NVIDIA Blackwell Ultra GB300 and AMD Instinct MI355X dominate MLPerf v5.1 AI inference benchmarks
The latest MLPerf v5.1 results are in, and two heavyweights just stole the show. NVIDIA’s Blackwell Ultra GB300 and AMD’s Instinct MI355X arrived with big expectations, and the new numbers confirm it: both accelerators delivered standout AI inference performance across today’s most demanding workloads. Intel’s Arc Pro B60 also made an appearance, underlining its value-driven positioning even if it doesn’t chase pure datacenter speed.
DeepSeek R1 highlights
– Offline: GB300 posts a crushing win, delivering a 45% uplift over GB200 in a 72‑GPU setup and a 44% gain in an 8‑GPU comparison. That lands almost exactly where NVIDIA had guided with Blackwell Ultra.
– Server: The GB300 extends its lead with a 25% improvement in the 72‑GPU run and a 21% advantage in the 8‑GPU run versus GB200.
Large-language-model performance
– Llama 3.1 405B (Offline): AMD’s Instinct MI355X shows up strong with a 27% performance increase compared to the GB200 submission. While there wasn’t an 8‑GPU MI355X entry here, the multi-accelerator gain is notable.
– Llama 2 70B (Offline): MI355X delivers 648,248 tokens/s with 64 accelerators, 350,820 tokens/s with 32, and 65,770 tokens/s with 8. In the 8‑accelerator match-up, that’s a massive 2.09x over the GB200 configuration. For context, Intel’s Arc Pro B60 scores 3,009 tokens/s here; while it’s nowhere near the datacenter-class monsters, it targets a far more accessible price and power envelope.
Per-accelerator records claimed by Blackwell Ultra
NVIDIA shared a broad set of per-accelerator highs across popular AI tasks:
– DeepSeek‑R1: 5,842 tokens/s (Offline); 2,907 tokens/s (Server)
– Llama 3.1 405B: 224 tokens/s (Offline); 170 tokens/s (Server); 138 tokens/s (Interactive)
– Llama 2 70B 99.9%: 12,934 tokens/s (Offline); 12,701 tokens/s (Server); 7,856 tokens/s (Interactive)
– Llama 2 70B 99%: 13,015 tokens/s (Offline); 12,701 tokens/s (Server); 7,856 tokens/s (Interactive)
– Llama 3.1 8B: 18,370 tokens/s (Offline); 16,099 tokens/s (Server); 15,284 tokens/s (Interactive)
– Stable Diffusion XL: 4.07 samples/s (Offline); 3.59 queries/s (Server)
– Mixtral 8x7B: 16,099 tokens/s (Offline); 16,131 tokens/s (Server)
– DLRMv2 99%: 87,228 samples/s (Offline); 80,515 samples/s (Server)
– DLRMv2 99.9%: 48,666 samples/s (Offline); 46,259 queries/s (Server)
– Whisper: 5,667 tokens/s (Offline)
– R‑GAT: 81,404 samples/s (Offline)
– Retinanet: 1,875 samples/s (Offline); 1,801 queries/s (Server)
Reasoning gains over Hopper
Blackwell Ultra also posts eye‑opening wins in reasoning-heavy workloads. On DeepSeek‑R1, it delivers a 4.7x advantage offline and a 5.2x advantage in server mode compared with Hopper:
– Hopper: 1,253 tokens/s per GPU (Offline); 556 tokens/s per GPU (Server)

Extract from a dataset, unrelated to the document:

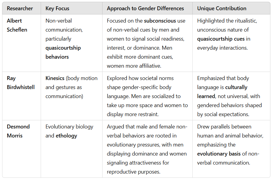 Unique Contribution: Scheflen emphasized the ritualistic and subconscious nature of non-verbal behaviors, including how both genders use body language to navigate complex social and power dynamics, even in non-romantic contexts. His analysis of quasicourtship behavior focuses on how both genders use signals that resemble courtship behaviors but are used for broader social purposes, including bonding and affiliation.

– Blackwell Ultra: 5,842 tokens/s per GPU (Offline); 2,907 tokens/s per GPU (Server)
Why it matters
– For hyperscalers and enterprises scaling generative AI, the GB300’s per‑GPU efficiency and leadership in reasoning workloads can translate directly into lower latency, higher throughput, and better cost-per-token for large deployments.
– AMD’s MI355X is emerging as a serious contender in multi‑accelerator LLM inference, especially on Llama workloads where it posted sizable gains versus prior-generation rivals.
– Intel’s Arc Pro B60 underscores a different value proposition, offering respectable results for its class without the datacenter footprint.
What to watch next
Vendors typically refine kernels, memory pipelines, and software stacks between MLPerf rounds. Expect even higher scores as NVIDIA, AMD, and Intel squeeze more from their current platforms in the next submission cycle. For teams planning AI infrastructure, these trends point to rapid generational gains, particularly in reasoning and high-token-rate LLM inference.